Who were your mentors and what attributes did they have that helped you?

My major professor was Dr. Lyle Lloyd who instilled in me the importance of approaching research in augmentative and alternative communication (my major area) from an interdisciplinary perspective. And the Gerontology Program role-modeled what successful interdisciplinary research and collaboration look like. Furthermore, Dr. Lloyd was very helpful in teaching me very valuable skills in grant-writing, which are essential for obtaining research funding. I was able to fund most of my doctoral studies through internal or external grants and fellowship awards. I would also like to mention the outstanding mentorship provided by Dr. Laurence Leonard and Dr. Lisa Goffman who provided guidance in my cognate area, speech and language disorders. Their deep passion for research and exemplary scholarship motivated me to pursue a research-focused career in communication disorders.

How did you get interested in gerontology?

While finishing my Master's program at the University of Cologne-Germany I worked mostly in adult rehabilitation. My MS thesis focused on augmentative and alternative communication for adults with amyotrophic lateral sclerosis (ALS), a neuro-degenerative condition that affects adults later in life. The British physicist Stephen Hawking or former baseball player Lou Gehrig are prominent individuals with ALS. The experiences in working with the ALS community increased my desire to learn more about the aging process; I got interested in the many issues of health and well-being that an aging population encounters when facing age-related conditions.

What experiences did you have at Purdue that helped form your current career?

My training at Purdue helped me to become a better researcher: I learned how to identify critical issues and design sound research to answer those questions. Early experiences in grant writing were extremely helpful to secure internal and external research funding, which is a critical skill for any junior researcher on the tenure track at a research-intensive university. Professional development activities such as publishing in peer-reviewed, first-tier research journals, presenting at conferences, interviewing for faculty positions, and many others prepared me very well for the life on the tenure-track. Gaining teaching experiences at the same time helped me to become an effective instructor. Overall, I feel I received a very comprehensive and well-rounded education at Purdue.

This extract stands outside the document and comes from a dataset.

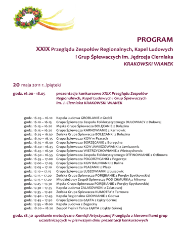 PROGRAM XXIX Przeglądu Zespołów Regionalnych, Kapel Ludowych i Grup Śpiewaczych im. Jędrzeja Cierniaka KRAKOWSKI WIANEK 20 maja 2011 r. /piątek/ godz. 16.00 - 18.05 godz. 16.05 – 16.10 godz. 16.10 – 16.15 godz. 16.15 – 16.20 godz. 16.15 – 16.20 godz. 16.25 – 16.30 godz. 16.30 – 16.35 godz. 16.35 – 16.40 godz. 16.40 – 16.45 godz. 16.45 – 16.50 godz. 16.50 – 16.55 godz. 16.55 – 17.00 godz. 17.00 – 17.05 godz. 17.05 – 17.10 godz. 17.10 – 17.15 godz. 17.15 – 17.20 godz. 17.15 – 17.20 godz. 17.25 – 17.30 godz. 17.30 – 17.35 godz. 17.35 – 17.40 godz. 17.40 – 17.45 godz. 17.45 – 17.50 godz. 17.55 – 18.00 godz. 18.00 – 18.20 prezentacje konkursowe XXIX Przeglądu Zespołów Regionalnych, Kapel Ludowych i Grup Śpiewaczych im. J. Cierniaka KRAKOWSKI WIANEK Kapela Ludowa GROBLANIE z Grobli Grupa Śpiewacza Zespołu Folklorystycznego DULOWIACY z Dulowej Męska Grupa Śpiewacza BOLĘCANIE z Bolęcina Grupa Śpiewacza KARNOWIANIE z Karniowic Żeńska Grupa Śpiewacza BOLĘCANKI z Bolęcina Grupa Śpiewacza KGW w Psarach Grupa Śpiewacza BORZĘCANIE z Borzęcina Grupa Śpiewacza KGW JAWISZOWIANKI z Jawiszowic Grupa Śpiewacza WIETRZYCHOWIANIE z Wietrzychowic Grupa Śpiewacza Zespołu Folklorystycznego OTFINOWIANIE z Otfinowa Grupa Śpiewacza POGORZYCANKI z Pogorzyc Grupa Śpiewacza KGW BALINIANKI z Balina Grupa Śpiewacza PŁAZANKI z Płazy Grupa Śpiewacza LUSZOWIANKI z Luszowic Żeńska Grupa Śpiewacza PORĘBIANIE z Poręby Spytkowskiej Młodzieżowy Zespół Śpiewaczy POD CHMURKĄ z Mirowa Męska Grupa Śpiewacza PORĘBIANIE z Poręby Spytkowskiej Kapela Ludowa ZALASOWIOKI z Zalasowej Żeńska Grupa Śpiewacza KUMOTRY z Tarnowa Kapela Regionalna GDOWIANIE z Gdowa Grupa Śpiewacza ŁĄKTA z Łąkty Górnej Kapela Ludowa z Żegociny Zespół Pieśni i Tańca ŁĄKTA z Łąkty Górnej godz. 18.30 spotkanie metodyczne Komisji Artystycznej Przeglądu z kierownikami grup uczestniczących w pierwszym dniu prezentacji konkursowych 21 maja 2011 r. /sobota/ godz. 11.10 – 13.20 I część prezentacji konkursowych godz. 11.10 – 11.15 godz. 11.15 – 11.20 godz. 11.20 – 11.25 godz. 11.25 – 11.30 godz. 11.30 – 11.35 godz. 11.40 – 11.45 godz. 11.45 – 11.50 godz. 11.50 – 11.55 godz. 11.55 – 12.00 godz. 12.00 – 12.05 godz. 12.05 – 12.10 godz. 12.10 – 12.15 godz. 12.15 – 12.20 godz. 12.20 – 12.45 godz. 12.45 – 12.50 godz. 12.50 – 12.55 godz. 12.55 – 13.00 godz. 13.00 – 13.05 godz. 13.05 – 13.10 Grupa Śpiewacza MIROWIANIE z Mirowa Grupa Śpiewacza WESOŁE KUMOSZKI z Tomaszowic Grupa Śpiewacza W KUŹNI U KOWALA z Kowalowej Kapela Ludowa W KUŹNI U KOWALA z Kowalowej Grupa Śpiewacza RUDNIANKI z Rudna Grupa Śpiewacza ŁĘCANKI z Łęki Szczucińskiej Grupa Śpiewacza KOZIEROWIANIE z Kozierowa Grupa Śpiewacza GOSPODYNIE Z DELASTOWIC Grupa Śpiewacza NASZA WOLA z Woli Batorskiej Żeńska Grupa Śpiewacza POGÓRZANKI z Jastrzębi Zespół Śpiewaczy NIEDŹWIEDZOKI z Niedźwiedzy Męska Grupa Śpiewacza POGÓRZANIE z Jastrzębi Grupa Śpiewacza CHORĄGWIANKI z Chorągwi Zespół Obrzędowy z Dębiny Zakrzewskiej Kapela Ludowa ŁAPANOWIANIE z Łapanowa Józef RÓŻYŃSKI z Bochni – instrumentalista - /heligonka/ Tomasz FERENC z Trzciany – instrumentalista /klarnet/ Józef ŚWISTAK z Woli Dębińskiej – instrumentalista - /heligonka/ Kapela Ludowa Regionalnego Zespołu KRAKOWIACY ZIEMI BRZESKIEJ z Brzeska godz. 13.10 – 13.15 Kapela Ludowa GWOŹDZIEC z Gwoźdźca godz. 13.15 – 13.20 Młodzieżowa Kapela Ludowa PASTUSZKOWE GRANIE ze Szczurowej godz. 13.20 – 13.45 Michał PASTUCH z Rudych Rysi – MISTRZ z uczniami: Daniel PASTUCH , Bartosz KLIMAJ, Adrian GAŁEK, Damian MAJ, Paweł DULĘBA - /heligonka/ godz. 14.00 – 15.30 PRZERWA spotkanie metodyczne Komisji Artystycznej Przeglądu z kierownikami grup uczestniczących w I części prezentacji konkursowych godz. 15.30 – 17.30 godz. 15.30 – 15.35 godz. 15.35 – 15.45 godz. 15.45 – 15.50 godz. 15.55 – 16.00 godz. 16.00 – 16.05 godz. 16.05 – 16.35 godz. 16.35 – 16.50 godz. 16.50 – 16.55 godz. 17.00 – 17.25 II część prezentacji konkursowych Grupa Śpiewacza GRABNIANKI z Grabna Grupa Śpiewacza SIEDLECANKI z Siedlca Żeński Zespół Śpiewaczy POMORZANY z Olkusza Grupa Śpiewacza BRACIEJOWIANKI z Braciejówki Męski Zespół Śpiewaczy POMORZANY z Olkusza Zespół Regionalny BISKUPIANIE z Biskupic Radłowskich Zespół Pieśni i Tańca PORĘBIANIE z Poręby Spytkowskiej Grupa Śpiewacza GWOŹDZIEC z Gwoźdźca Młodzieżowy Zespół Folklorystyczny GWOŹDZIEC z Gwoźdźca godz. 17.40 spotkanie metodyczne Komisji Artystycznej Przeglądu z kierownikami grup uczestniczących w II części prezentacji konkursowych 22 maja 2011 r. /niedziela/ godz. 11.00 – 13.40 godz. 11.10 – 11.25 godz. 11.40 – 12.00 godz. 12.00 – 12.25 godz. 12.25 – 12.40 godz. 12.40 – 12.45 godz. 12.45 – 12.50 godz. 12.50 – 12.55 godz. 13.00 – 13.30 godz. 13.30 – 13.40 godz. 13.40 – 13.45 godz. 13.45 – 14.00 I część prezentacji konkursowych Zespół Pieśni i Tańca BORZĘCANIE z Borzęcina Zespół Regionalny SCUROSKO MAGIERECKA ze Szczurowej Zespół Pieśni i Tańca IWKOWIANIE z Iwkowej Zespół Pieśni i Tańca ŁONIOWIACY z Łoniowej Eugeniusz DYNGOSZ z Bukowca – instrumentalista - /skrzypce/ Kapela Ludowa POGÓRZANIE z Jastrzębi Kapela Ludowa Dębińskiego Centrum Kultury Zespół Regionalny MIETNIOWIACY z Mietniowa Marcin KORBUT z Siedlca – instrumentalista /heligonka/ Marcin KORBUT z Siedlca – MISTRZ - uczeń Paweł OPYD /heligonka/ Zespół Pieśni i Tańca SIEDLECANIE z Siedlca godz. 14.00 – 16.00 PRZERWA spotkanie metodyczne Komisji Artystycznej Przeglądu z kierownikami grup uczestniczących w I części przesłuchań konkursowych godz. 16.10 – 18.00 godz. 16.10 – 16.35 godz. 16.35 – 17.05 godz. 17.05 – 17.35 godz. 17.40 – 18.10 godz. 20.00 II część prezentacji konkursowych Zespół Pieśni i Tańca SUŁKOWIANIE z Sułkowa Zesp

Anything else you would like to add?

I graduated my first doctoral student last summer (Dr. Miriam Boesch – now assistant professor at the University of Northern Texas) and recently published my first textbook on assistive technology for communication disorders. Again, these accomplishments were possible because of the rich and intense training, and the "spirit" for sound research and mentoring that Purdue and the Gerontology program are modeling. I am looking forward to seeing the Purdue Gerontology Program grow further and am very proud to serve as a faculty associate. It has been and still is an amazing experience!